Get information about the columns of the `DataFrame`

In [None]:
df.info()

Standardize data

In [None]:
# convert column to datetime
df['Date'] = pd.to_datetime(df['Date'])
df.info()

In [None]:
# create a new column for unique months (YYYY-MM) 2020-10
df['Month'] = df['Date'].dt.year.astype(str) + '-' + df['Date'].dt.month.astype(str).str.zfill(2)
df.head()

In [None]:
df.tail()

<hr id="heatmap">

<h2>2. Cross Tabulation and Heatmap Plot</h2>

Heatmaps show the magnitude of a variable across two dimensions with colors.

In [None]:
# group by month and count the number of accidents
df_country_level = df.groupby(['Country', 'Accident Level'], as_index=False)['Date'].count()
df_country_level


A more convenient and compact way to see the distribution of a parameter accross 2 different groups or categories of data is a `pivot table` or a `heatmap plot`

In [None]:
# create a pivot table showing the number of accidents by country and by accident level
pivot = pd.crosstab(df['Country'], df['Accident Level'])
pivot

To create any plot using the `matplotlib` library, we simply use the `pyplot` module (assigned an alias of `plt` in this file) and use the corresponding plot type method.

Common plot types:

| PLOT TYPE         |  pyplot method        |
| ---               |  ---                  |
| line (default)    |  `plot(x, y)`         |
| scatter           |  `scatter(x, y)`      |
| bar               |  `bar(x, height)`     |
| pie               |  `pie(x, labels)`     |
| histogram         |  `hist(x)`            |
| box               |  `box(x)`             |
| heatmap           |  `pcolor(matrix)`     |

In [None]:
# plot heatmap
plt.pcolor(pivot)

That's how easy it is to create a plot with `matplotlib`!  
  
But we can add a few adjustments to make it much clearer (e.g. title, axes labels, etc.)  
There are a lot of available methods to add different elements to the active plot.  
Once a plot is created, all we need to do is call the required method from the `pyplot (plt)` module, and that method will be applied to the active plot.

In [None]:
# create a blank figure with a size of 8x6 inches
plt.figure(figsize=(8, 6))

# create heatmap plot
plt.pcolor(pivot, cmap='RdBu')

# add a colorbar
plt.colorbar()

# # add a plot title
plt.title('Heatmap of number of accidents by country and accident level', y=1.1)

# # add Y-axis title
plt.ylabel('Country')

# # updated Y-axis ticks/labels
plt.yticks(ticks=np.arange(len(pivot)) + 0.5, labels=pivot.index)

# # add X-axis title
plt.xlabel('Accident Level')

# # update X-axis ticks/labels
plt.xticks(np.arange(len(pivot.columns)) + 0.5, pivot.columns)
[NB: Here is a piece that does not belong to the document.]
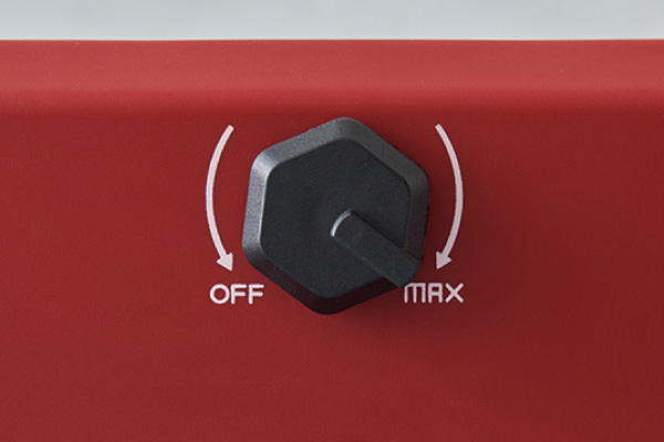 加熱のオン・オフ、温度調節は【温度調節ダイヤル】を回して行います。ダイヤルを右に回すとランプが点灯し、加熱を開始。

# # show plot (this is only required in Python script files, but it is called by default in Jupyter Notebooks)
plt.show()

Now this looks much better and clearer!  
We can also use `seaborn` to plot a similar heat map with just one command!

In [None]:
sns.heatmap(pivot, cmap='RdBu', annot=True, fmt='d')
plt.title('Heatmap of number of accidents by country and accident level', y=1.1)

<hr id="line">

<h2>3. Line Plot</h2>

Line plots show trends and changes over time.

In [None]:
# groupd by month
df_months = df.groupby('Month', as_index=False)['Accident Level'].count()
df_months

We can plot the `line` chart using the `pyplot (plt)` module

In [None]:
plt.plot(df_months['Month'], df_months['Accident Level'])

Or, a very big advantage of the `Pandas` library is that it integrates with `matplotlib` and has plotting capabilities built into the `DataFrame` objects.  
To plot data from a `DataFrame`, all we need to do is call the `plot()` method on the `DataFrame` and specify the `kind` parameter as the required plot type.  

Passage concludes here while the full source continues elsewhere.